THE TASK
Pictures left aside, return the lines below exactly, from the one with "20代~40代の男女が活躍し" to the end, including both ends.

RAW DATA
****
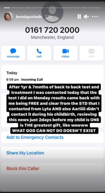 Nigerian singer Lyta's baby mama Kemi Ayorinda has revealed that she's free from the Sexually Transmitted Disease she contracted from him.
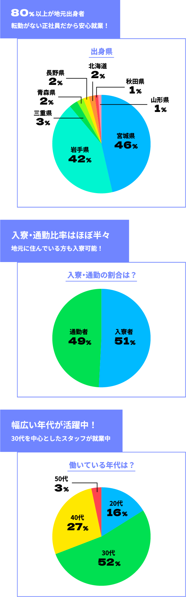 20代~40代の男女が活躍しております。未経験からスタートした方も大勢いますので、
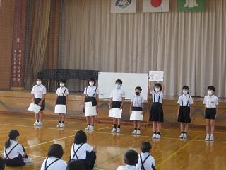 鳥越っ子集会の様子です。各委員会から全校児童に先日の委員会で決まったことやお知らせしたいことを伝えました。今日の集会のめあては、話す方は「相手に伝わる声ではっきり堂々と言うこと」、聞く方は「自分がしなければいけないことを聞き取ること」でした。話す方も聞く方もめあてを意識した素敵な集会でした。しなければいけないことがわかったら、あとは実行することが大切ですね。頑張りましょう。
****
EXERCISE RESULT
 20代~40代の男女が活躍しております。未経験からスタートした方も大勢いますので、
 鳥越っ子集会の様子です。各委員会から全校児童に先日の委員会で決まったことやお知らせしたいことを伝えました。今日の集会のめあては、話す方は「相手に伝わる声ではっきり堂々と言うこと」、聞く方は「自分がしなければいけないことを聞き取ること」でした。話す方も聞く方もめあてを意識した素敵な集会でした。しなければいけないことがわかったら、あとは実行することが大切ですね。頑張りましょう。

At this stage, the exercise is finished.